Neirab barracks to new UNRWA-built2 houses on land adjacent to the neighboring Palestinian refugee camp of Ein el Tal also known as “Handarat” (the name of a nearby village).3 A 2003 UNRWA project document refers to the NRP as a “rehabilitation/development” project and indicates that the NRP also seeks to improve the general infrastructure of Ein el Tal and Neirab camps as well as promote “sustainable livelihoods” in both camps (UNRWA 2003: 4). After holding an international conference in Geneva in June 2004 to dis-

cuss its future as the main agency assisting Palestinian refugees, UNRWA

officially set in motion a process of internal reform. This process aimed at changing the agency’s emphasis from the provision of relief and basic services to Palestinian refugees to the promotion of sustainable development in Palestinian refugee camps (UNRWA 2004, 2005a). After the 2004 Geneva conference, the NRP became an UNRWA pilot project whose lessons learned would help cement the agency’s reform process (Gabiam 2008). UNRWA adopted a participatory approach for the NRP, recruiting local

volunteers and officially promoting the involvement of the targeted communities into the project planning and implementation. The Syrian government became a participant in the NRP through GAPAR (General Authority for Palestinian Arab Refugees) by donating land for new housing to be built next to the existing camp of Ein el Tal and taking responsibility for providing electricity, telephone lines, and sewage to the new housing as well as other parts of Ein el Tal Camp. Also involved in the NRP were the governments of the United States, Switzerland, and Canada (the main donors for the first phase of the project taking place in Ein el Tal) and, later on, the governments of the United Arab Emirates, Japan, and Germany, as well as the regional governments of Galicia and the Basque country (who donated funds for the second phase of the project taking place in Neirab). In this chapter, I examine the implications of UNRWA’s new emphasis on

sustainable development, in terms of the agency’s relationship with Palestinian refugees and the aspirations of the Palestinian refugees as witnessed in Ein el Tal and Neirab. I begin by giving a brief overview of UNRWA’s formulation of the NRP. Then, I go over the way the NRP has been interpreted by Palestinian refugees in Ein el Tal and Neirab. I conclude that one of the major obstacles to a successful implementation of the NRP is that the vision of progress presented by the NRP leaves out the political and historical context of the Palestinian refugee situation, creating a trust barrier between UNRWA and the refugees.
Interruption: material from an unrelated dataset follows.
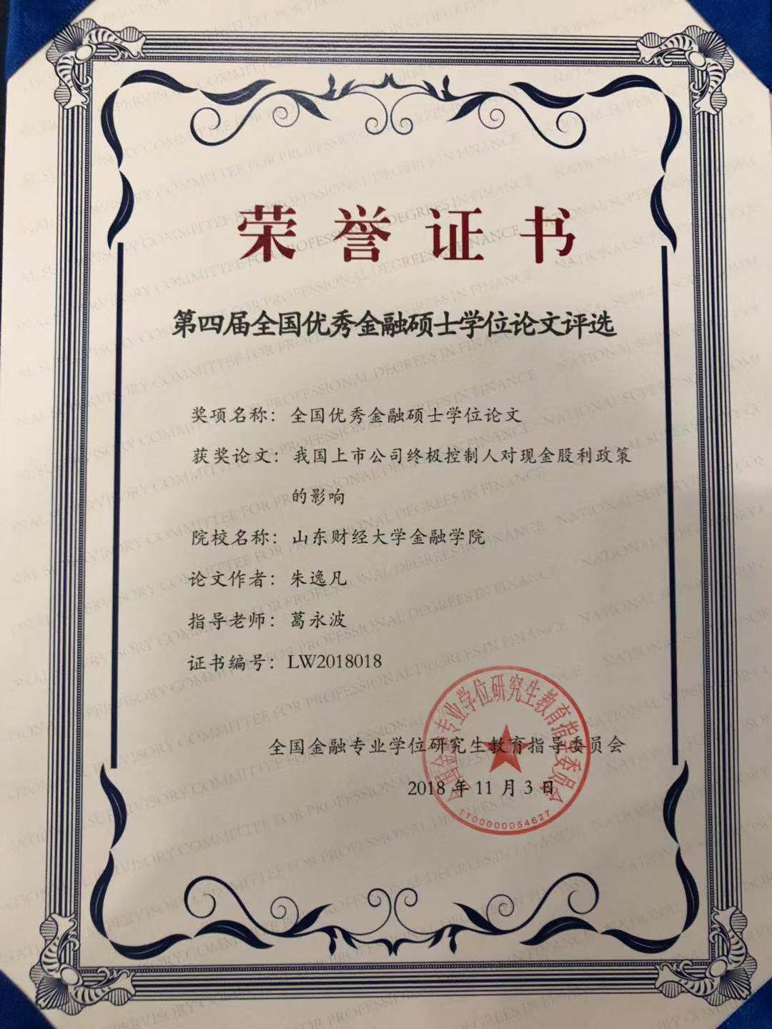 由全国金融专业学位研究生教育指导委员会主办的2018年全国金融专业学位研究生教育工作会议于11月3日在北京召开。本次大会公布了第四届全国优秀金融硕士学位论文评选结果并举行了颁奖仪式,共有19篇论文获奖。我校金融学院葛永波教授指导的硕士研究生朱逸凡撰写的毕业论文《我国上市公司终极控制人对现金股利政策的影响》在众多参评成果中脱颖而出,喜获全国优秀金融硕士学位论文奖。

My conclusions focus mostly on the first phase of the NRP which took place in Ein el Tal and which was concluded in 2007. Palestinian refugees’ lack of trust in the NRP should not be interpreted as

outright opposition against UNRWA’s attempt to go beyond the provision of relief and basic services in Palestinian refugee camps. What is at stake is that UNRWA must do a better job of communicating with Palestinian refugees and addressing their fears that “development” is simply an economic solution to their refugee status, one that does away with the issue of return. UNRWA must come to terms with the fact that the right of return has become a cornerstone of Palestinian refugee identity. Any improvement scheme that neglects the importance of the right of return to Palestinian refugees’ selfunderstanding will most likely not garner the kind of popular support and involvement that UNRWA is seeking from the Palestinian refugee community living in camps. Most of the information for this chapter was gathered between spring 2005

and spring 2006, while I was working as an UNRWA volunteer on the NRP and simultaneously carrying out my doctoral research in anthropology. The

data I collected is mostly the result of formal and informal interviews with Palestinian refugees, UNRWA personnel, and Syrian government representatives, and participant observation through my work as a project volunteer during the implementation of the NRP. Some of this data is also the result of an UNRWA-sponsored research of living conditions in Neirab’s barracks in which I participated. The research consisted of a questionnaire and interviews with 24 families living in two of Neirab’s barracks.